Abstract
Online detection of digital printing defects is a necessary but challenging topic. The performance of the current detection methods is still not ideal for the diversified patterns of digital printing fabric defects and the realtime requirements of online detection. In this paper, we proposed a lightweight model of digital printing fabric defect detection based on YOLOX. Firstly, according to the characteristics of many types of defects and complex background of digitally printed fabrics, a defect detection network structure based on YOLOX is constructed. Then, the SE attention module is introduced to enhance important features and weaken unimportant features, which make the extracted features more directional. And it can further solve the influence of small feature size on the detection accuracy of small targets. The experimental results show that the proposed model has a detection accuracy of 66.2 mAP on our self-built dataset, which is 2.7 percentage points higher than YOLOX. This method can effectively solve the problem that low detection accuracy of small defects. The proposed model can meet the real-time requirements and improve the detection accuracy of small target defects.
Introduction
Due to its environmental protection, technology, fashion and other characteristics, digital printing has become more and more widely used in the textile field. But during the printing process, there are many factors that may affect the final fabric quality, such as uneven sizing and coloring of the fabric, nozzle failure, mechanical failure, worker error and so on. There are eight common fabric defects as follows: PASS track, PASS tracks, ink leakage, blank, fluff, water leakage, ghost, and pulp, 1 as shown in Figure 1. In order to detect defects in time and reduce losses, it is very important to find a fast and accurate method for fabric defect detection. The existing fabric defect detection mostly relies on manual detection, which not only has high labor cost, but also has inefficiency and insufficient detection accuracy. 2 In recent years, with the rapid development of artificial intelligence, it has become a possibility to replace manual detection with network models of deep learning algorithms.

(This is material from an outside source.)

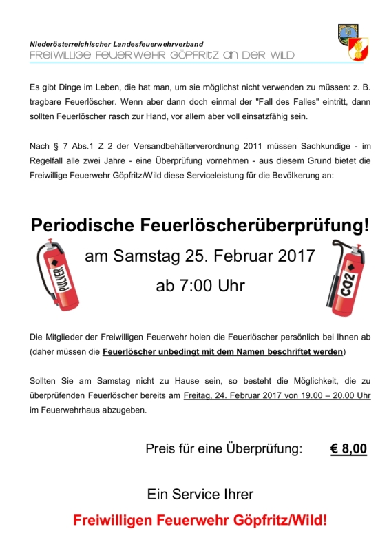 Alle zwei Jahre (zuletzt im März 2015) wird von der Freiwilligen Feuerwehr Göpfritz/Wild die periodische Feuerlöscherüberprüfung durchgeführt. Zwei Jahre deshalb, da ein Feuerlöscher alle zwei Jahre auf seine Funktionstüchtigkeit hin geprüft werden muss.

Defect samples in the dataset: (a) PASS track, (b) PASS tracks, (c) ink leakage, (d) blank, (e) fluff, (f) water leakage, (g) ghost, and (h) pulp.

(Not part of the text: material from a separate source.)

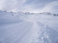 This is a stunning image of a snow-covered mountain landscape in the Alps of France, Europe. The clear sky provides a beautiful backdrop to the towering mountains and the glistening snow. The peaks of the mountain range are covered in a white blanket, making it a perfect destination for winter tourism and skiing. The picture captures the serenity and natural beauty of the area, with the glacial landscape and ice caps adding to its charm. This breathtaking photo is sure to attract tourists from all over the world.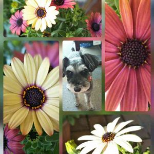 我が家にあるオステオスペルマム。前にアップした紫紅色に黄色、白の3色 夜は室内、日中は外におります😋 中央はニコル🐾またしても私に訴えかけてる顔をパチリ📱

Target detection algorithms based on deep learning can be divided into “single-stage” and “two-stage"” target detection algorithms. Compared with the single-stage algorithm, the two-stage algorithm has higher detection accuracy. Based on this, many two-stage algorithms have been successfully applied in the field of industrial inspection in recent years.3 –5 For example, Luo 3 et al. adopted a decoupled two-stage object detection framework based on convolutional neural network (CNN) in the surface defect detection of flexible printed circuit boards and achieved good detection results. Although two-stage algorithms have high detection accuracy, their detection speed is difficult to meet real-time detection scenarios in practical industrial applications. The You Only Look Once (YOLO)6 –9 series networks are single-stage models with higher real-time performance. With the continuous development of network and the continuous improvement of detection accuracy in recent years, they have also been widely used in the industrial field.10 –15 For example, Xu 10 et al. proposed a metal surface defect detection model based on the improved YOLOv3 model, which has made great progress compared with traditional manual detection in terms of accuracy and real-time performance. Kou 12 et al. proposed a YOLOv3-based strip steel surface defect detection model. By introducing a specially designed dense convolution to extract rich feature information, the detection effect of the detection model is better than other models.

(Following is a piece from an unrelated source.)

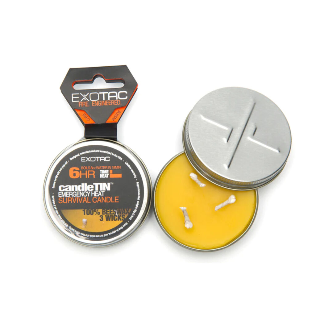 Exotac Candle is een noodwarmtekaars gemaakt van 100% natuurlijke bijenwas, wat een langdurig licht geeft. Steek de kaars aan en je kunt water koken, kleding drogen en een externe warmtebron krijgen.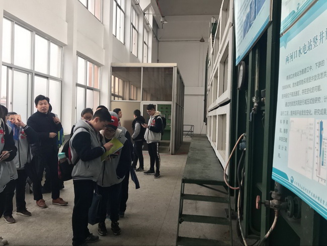 学院老师热情的接待了我们。老师首先在大厅给我们介绍一张巨大的中国地图,上面详细地刻画了我国的每一条江、每一条河,并且在这这张地图上,我们分别看到了每一个水利工程的详细位置与修建时间,接着老师把我们带到了一块模拟场地,这块模拟场地上有各种水库、水电站、水动装置的模型他们向我们介绍了实验室的发展情况,带领参观了室外的河流动力学模型。我们还了解了水工结构实验室,该实验室的变温相似材料地质模型为业界首创。我们还参观了水动力学实验室,该实验室陈列有水轮机模型,循环水洞试验段流速和压力可以分别控制,水流在管路中循环、用以研究高速水流的密封实验装置。这些设备引起了同学们的好奇心。专家们还讲解了岩土工程方面的实验设备。

Many deep learning models have also been successfully applied in the field of fabric defect detection in recent years.16 –18 For example, Liu 16 et al. proposed an improved Single Shot MultiBox Detector (SSD)-based model for fabric defect detection. Xie 17 et al. proposed an improved fabric defect detection model based on the SSD algorithm by adding a fully convolutional squeezing and excitation (FCSE) module to improve the detection accuracy of the model. Adjust the number of default boxes to suit the detection of long defects on the fabric surface.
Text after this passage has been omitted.